* _Aim of the task_
Return all the entries exactly. No pictures.

★ ★ ★

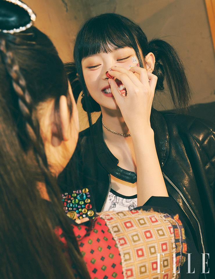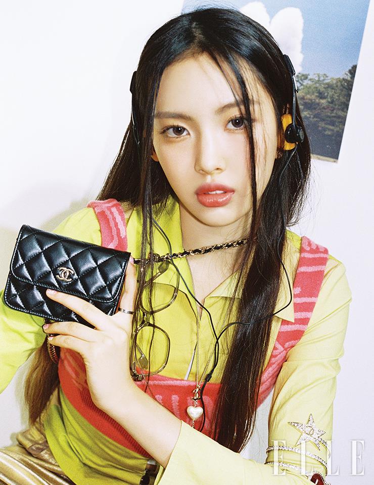인형처럼 귀여운 하니의 눈매를 그대로 살리기 위해 레 베쥬 헬시 글로우 내추럴 아이섀도우, 텐더를 얇게 터치하고, 장밋빛의 루쥬 알뤼르 렉스트레, 828호를 발라 세련미를 더했다. 사용 제품은 모두 Chanel. 피케 티셔츠는 Fred Perry. 사각 셰이프의 미니 백과 이어링, 뱅글은 모두 Chanel. 스커트와 삭스, 스니커즈는 모두 스타일리스트 소장품.
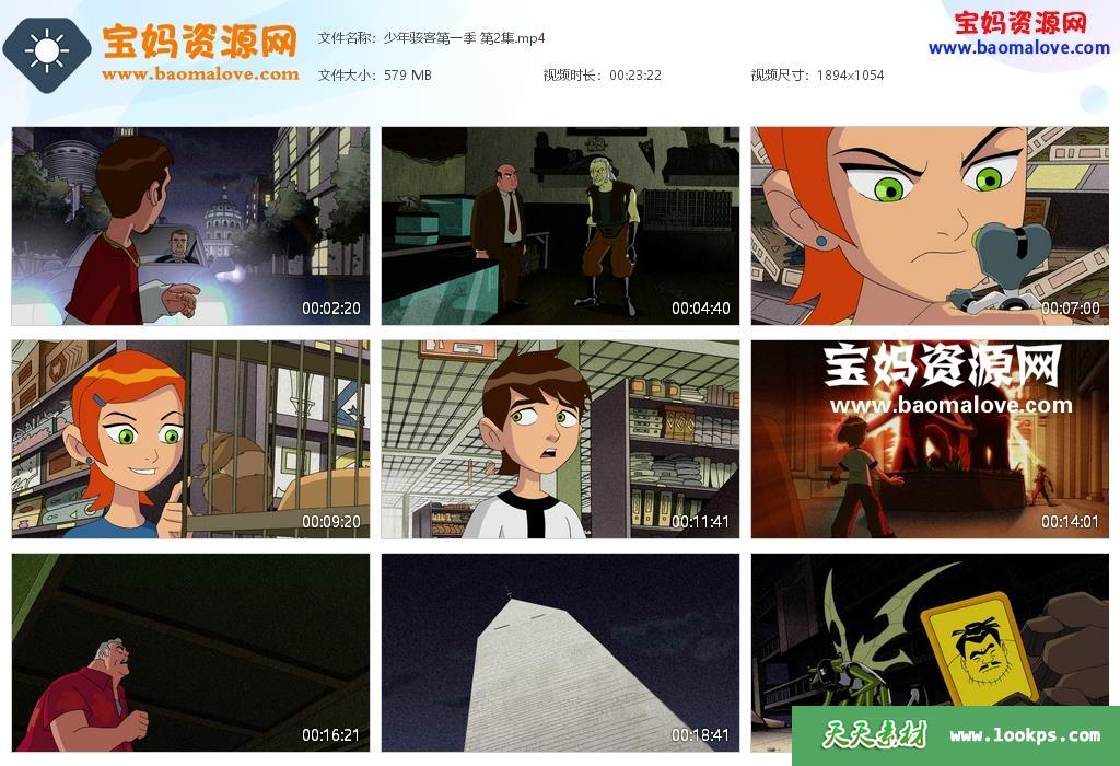 天天资源网收录的动画片《少年骇客》Ben 10中文版 第一季 ,全部13集,国语发音,无字幕;每集大小约500M,总大小6.71G,单集播放时长约23分钟,1080P高清MP4格式,可以在电视机或电脑、平板、IPAD、早教机、手机等各种设备播放,提供百度云网盘下载。
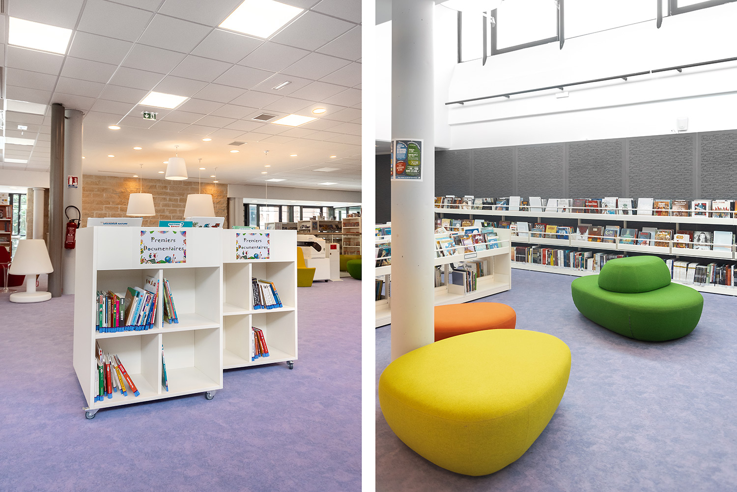 A l’étage, désormais les documentaires pour les enfants et les adultes sont regroupés sur un même espace, au 1er étage, en gardant la séparation de l’âge.
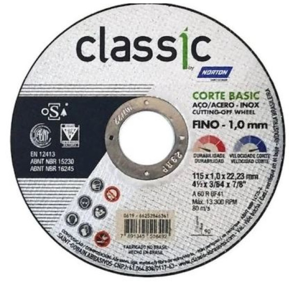Espessura do disco de corte:1,0 mm - +/- 3/64"
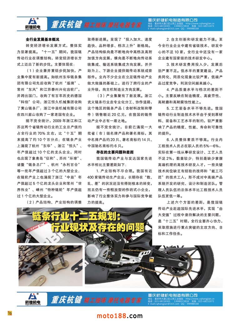 新的变革之后的《摩托车与配件》已经出了四个配件子产业的专题,通过这种形式的变革,我们对摩托车配件的微观行业也有了越来越深入的了解。每一个子行业也都有做得不错的龙头企业,他们在这个子行业里通过横向地拓展,触角伸得也较广泛。比如这一期是链条专题,其实不光摩托车用,电动车、汽车、工业机械....只要需要传动的都有链条的身影。因而许多厂的产品也涉及了多行业,但是我们仅选择与我们产业有关的产品做一般的技术报道;前沿行业作泛泛报道;市场运用方面则是尽可能以广角报道。以前一些企业也在我们杂志上做过宣传,因为我们认识水平浅,不容易突出重点品牌企业,因而在宣传服务上也流于常规。但是通过这期专题后,我们了解到,像东华、恒久、顺峰、双狮、征和等都是这个行业的龙头企业,而且这些龙头企业后劲十足。他们不光在扩大产能生产;更是投入了相当的精力在搞科研;抑或引进国外的先进技术,不光在做大更是在做强,假以时日,他们也会在国际市场上占有一席之地。我们对这些企业充满敬意,他们是民族工业的脊梁。虽然纳税没有房地产企业多,也没有金融和地产业的风光,但他们没有固步自封,也不满足现状,带着创新和发展的精神赶德超日超美,缩短与国际水平的差距,也正是因为有许多像这样的实体产业,中国制造才能真正的做强。那些只制造虚的庞大GDP的、靠吸吮实体产业汁水而滋润的和靠垄断而光鲜的行业,在他们面前是多么的不堪。

★ ★ ★

* _Solution to this task_
인형처럼 귀여운 하니의 눈매를 그대로 살리기 위해 레 베쥬 헬시 글로우 내추럴 아이섀도우, 텐더를 얇게 터치하고, 장밋빛의 루쥬 알뤼르 렉스트레, 828호를 발라 세련미를 더했다. 사용 제품은 모두 Chanel. 피케 티셔츠는 Fred Perry. 사각 셰이프의 미니 백과 이어링, 뱅글은 모두 Chanel. 스커트와 삭스, 스니커즈는 모두 스타일리스트 소장품.
 天天资源网收录的动画片《少年骇客》Ben 10中文版 第一季 ,全部13集,国语发音,无字幕;每集大小约500M,总大小6.71G,单集播放时长约23分钟,1080P高清MP4格式,可以在电视机或电脑、平板、IPAD、早教机、手机等各种设备播放,提供百度云网盘下载。
 A l’étage, désormais les documentaires pour les enfants et les adultes sont regroupés sur un même espace, au 1er étage, en gardant la séparation de l’âge.
Espessura do disco de corte:1,0 mm - +/- 3/64"
 新的变革之后的《摩托车与配件》已经出了四个配件子产业的专题,通过这种形式的变革,我们对摩托车配件的微观行业也有了越来越深入的了解。每一个子行业也都有做得不错的龙头企业,他们在这个子行业里通过横向地拓展,触角伸得也较广泛。比如这一期是链条专题,其实不光摩托车用,电动车、汽车、工业机械....只要需要传动的都有链条的身影。因而许多厂的产品也涉及了多行业,但是我们仅选择与我们产业有关的产品做一般的技术报道;前沿行业作泛泛报道;市场运用方面则是尽可能以广角报道。以前一些企业也在我们杂志上做过宣传,因为我们认识水平浅,不容易突出重点品牌企业,因而在宣传服务上也流于常规。但是通过这期专题后,我们了解到,像东华、恒久、顺峰、双狮、征和等都是这个行业的龙头企业,而且这些龙头企业后劲十足。他们不光在扩大产能生产;更是投入了相当的精力在搞科研;抑或引进国外的先进技术,不光在做大更是在做强,假以时日,他们也会在国际市场上占有一席之地。我们对这些企业充满敬意,他们是民族工业的脊梁。虽然纳税没有房地产企业多,也没有金融和地产业的风光,但他们没有固步自封,也不满足现状,带着创新和发展的精神赶德超日超美,缩短与国际水平的差距,也正是因为有许多像这样的实体产业,中国制造才能真正的做强。那些只制造虚的庞大GDP的、靠吸吮实体产业汁水而滋润的和靠垄断而光鲜的行业,在他们面前是多么的不堪。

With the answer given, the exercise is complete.